In this webinar, Vaisala's Senior Regulatory Compliance Expert Paul Daniel describes how to validate monitoring system software according to best practices outlined in GAMP5. Included are several tools for ensuring your monitoring system validation aligns with the ISPE's guidelines.
Paul Daniel is the Senior Regulatory Compliance Expert at Vaisala. He has worked in the GMP-regulated industries for over 20 years helping manufacturers apply good manufacturing practices in a wide range of qualification projects. His specialties include mapping, monitoring, and computerized systems.
At Vaisala, Paul oversees and guides the validation program for the Vaisala viewLinc environmental monitoring system.
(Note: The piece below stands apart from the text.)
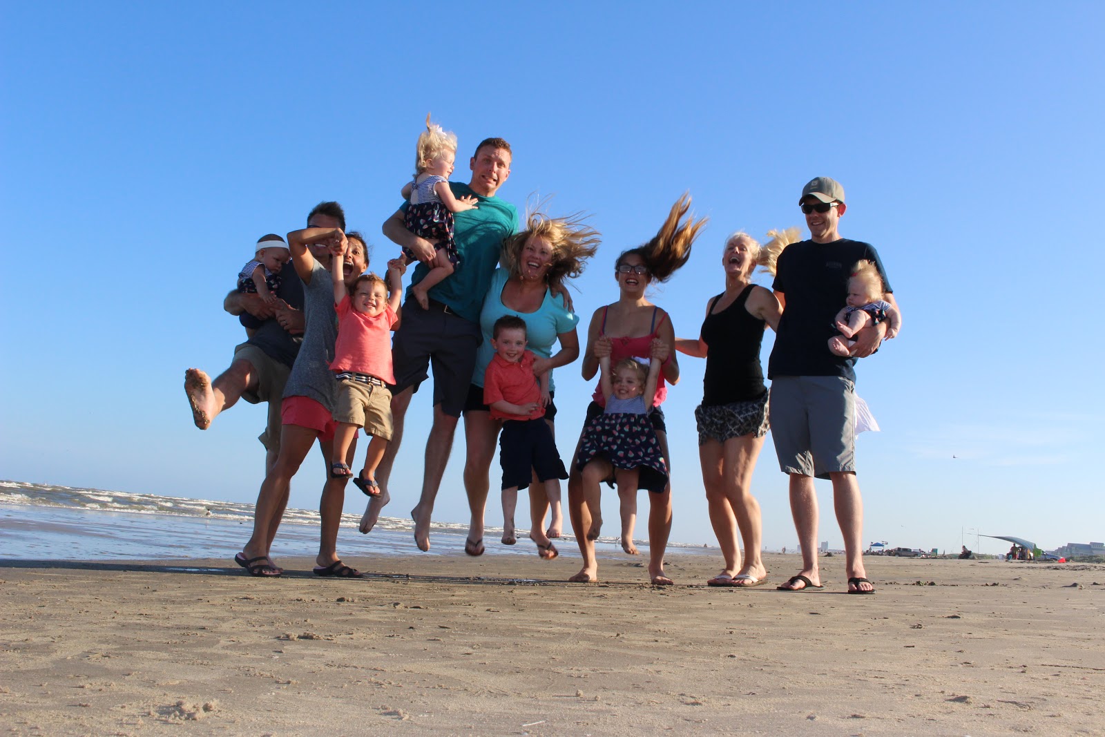 This year for our friendly vacation we took a road trip to Port Aransas! We rented a 15 passenger van and loaded up 6 kids, (all under the age of 4) 7 adults and drove the 10 hours to the coast.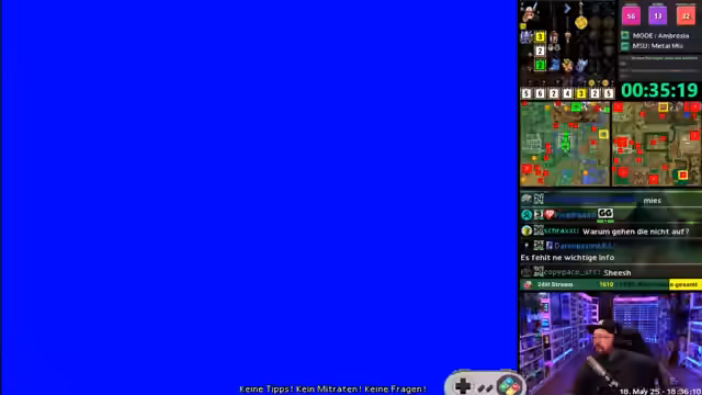 00:00:00Der Stream beginnt mit technischen Anpassungen der Lautstärke und Frustration über den schwierigen Modus in einem Spiel, der als zu levelorientiert kritisiert wird. Nach einer kurzen Pause wird mit dem Gameplay eines Spiels begonnen, das durch Farbanzeigen und eine strukturierte Vorgehensweise gekennzeichnet ist. Nebenbei werden Spiele wie Halo und Metal Gear Solid 5 erwähnt, wobei der Fokus auf einem taktischen Shooter liegt.

He serves as a customer advocate to ensure the viewLinc environmental monitoring system matches the demanding requirements of life science and regulated applications.
Paul also shares his GMP experience through regular blog contributions, webinars, and seminars around the world. Paul’s expertise in the demanding GxP world is applicable to any industry where measurement is critical to product quality. Paul is a graduate of University of California, Berkeley, with a bachelor's degree in biology.